For cooking, we cooked on three stones in the yard, using either wood or dried sugar cane as fuel. The affluents (well offs) used coal pots and charcoal as fuel. A clay pot was cooked in and the more fortunate used an iron pot with three legs to stand on; there was a piece of wire attached to two hooks on the side of the iron pot, which made it easy to place it on the fire, or to take it off. I forgot to mention that we knew nothing about toilet paper; our toilet paper was castor leaf bush, lizard tree bush, barricader bush or the dry husk of the sugar cane. If construction was taking place nearby, we would gather the cement bags, tear away the soiled cement part and used the clean parts as toilet paper.

What did we know about relish with our breakfast at mornings which consisted of bread and bush tea, or the dried cassava bread and bush tea? If you knocked down a ground dove, took out its entrails and roasted it in the fire hole of the coal pot, then you had relish, but you had to share the delicacy with your brothers and sisters. If you were sent to buy the bread in the morning and they just came out of the oven, you could ask the shopkeeper to run the red butter ladle across those bread and you had bread and butter for breakfast. We had to head water from the lone standpipe in the street and we had to arise 4 and 5 am to fill up the buckets, the tubs, the bath pans, the goblet because our mother washed for the white people in the city.

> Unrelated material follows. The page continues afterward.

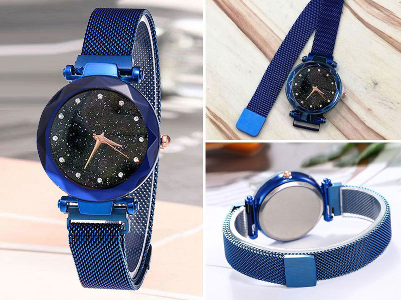 Product details of Women Mesh Magnet Buckle Starry Sky Luxury Fashion Analog Watches for Girls - 2020 Model - Magnetic Strip/Chain - College/Office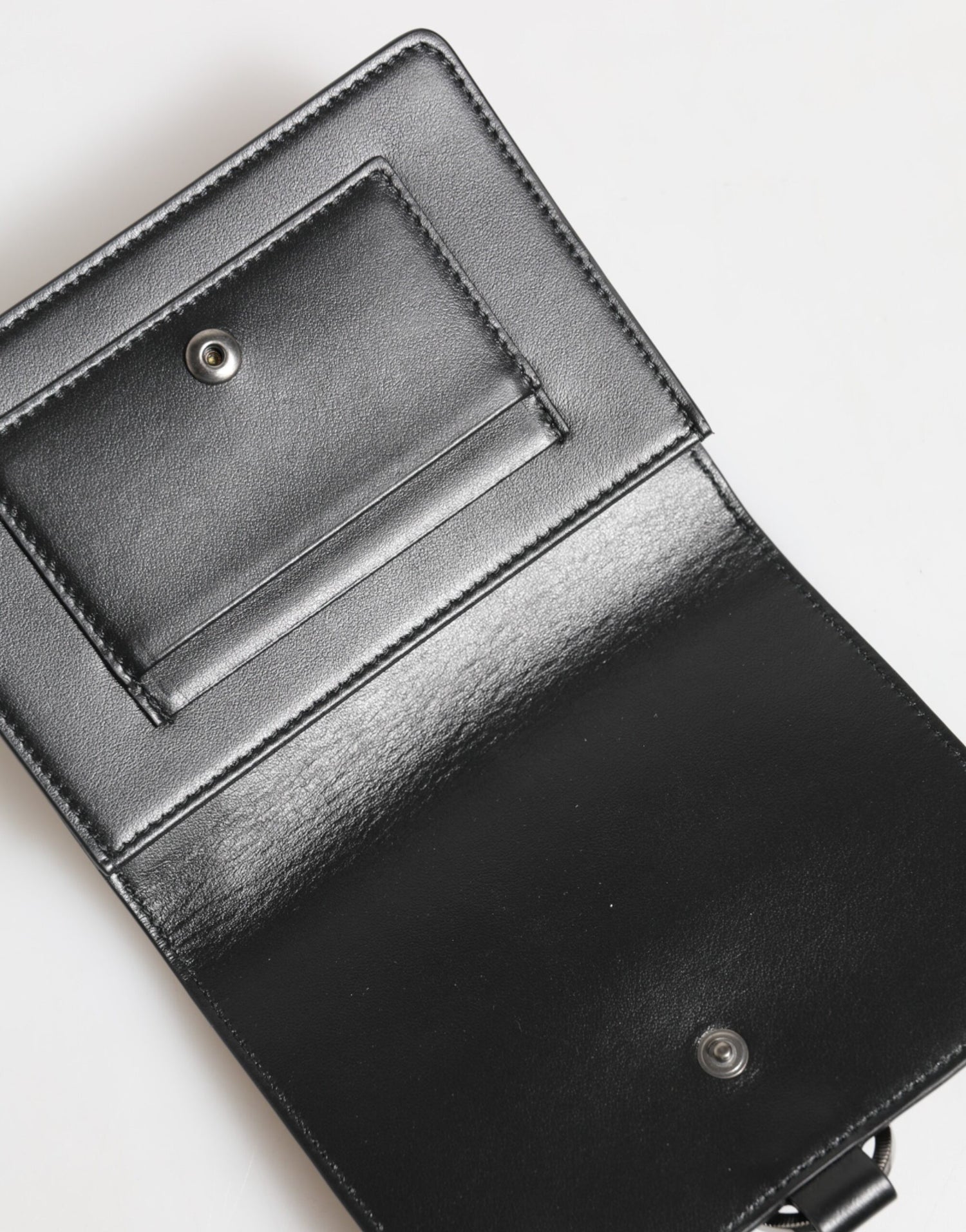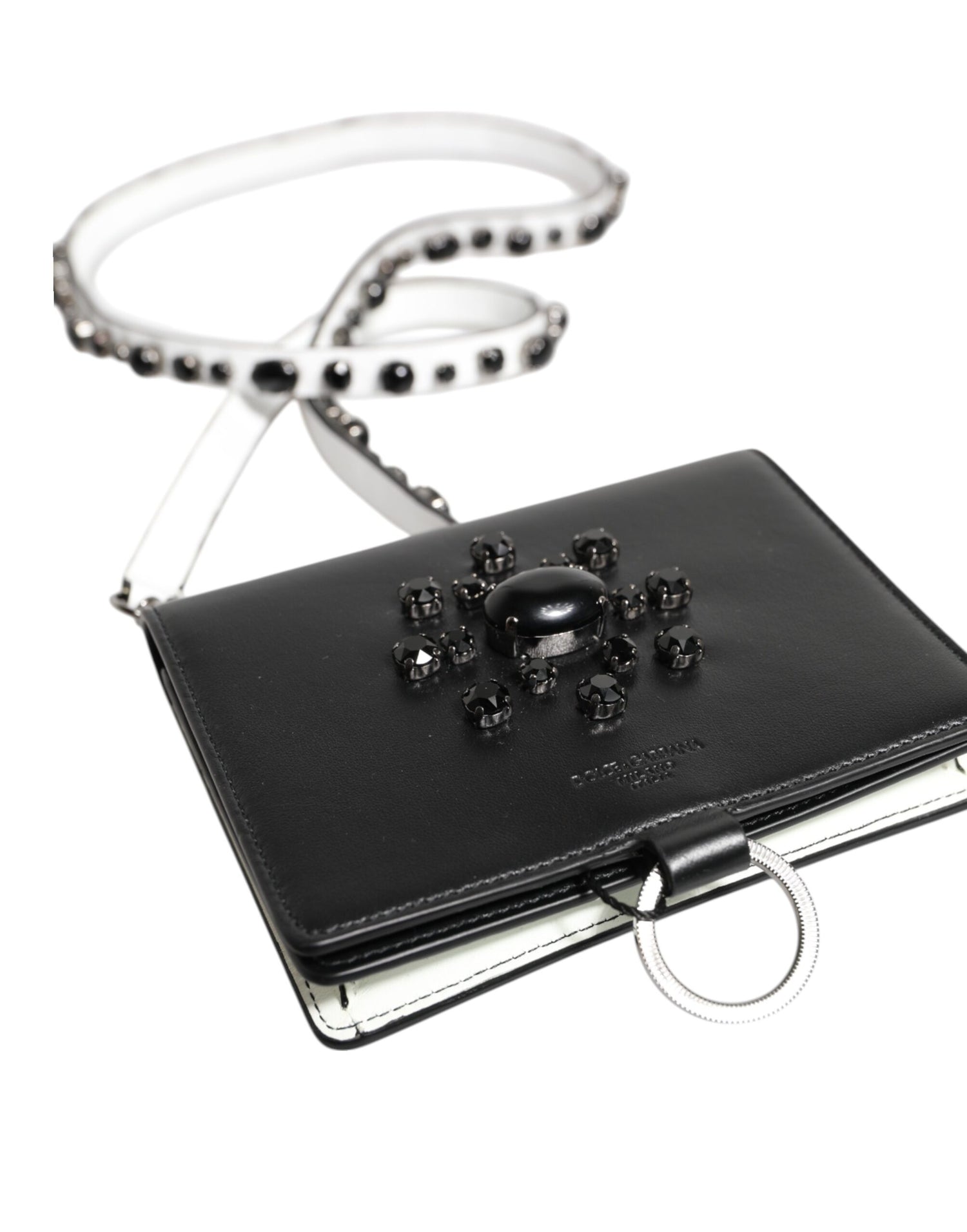 Gorgeous brand new with tags, 100% Authentic Dolce & Gabbana calf leather cardholder featuring crystal embellishment, snap-button fastening, internal card slots and detachable neck strap.

The reason why we had to arise early to start heading water was that water was locked off every day at 9 am and everybody had to fill up their tubs, bath pans, goblets and every available utensil that could hold water, for it was not returning until about 5 or 6 pm. To facilitate the bathing of skin, the Government of the day erected public baths and toilets (boreholes); the baths were alright, but for most times the toilets were unusable because the users did not leave them for other users to enjoy. When the public baths were used, there was a male and female section. There was no use of soap; the water ran over our bodies and what did we know about bath towels? By the time we ran home from the bath, our skins were dried.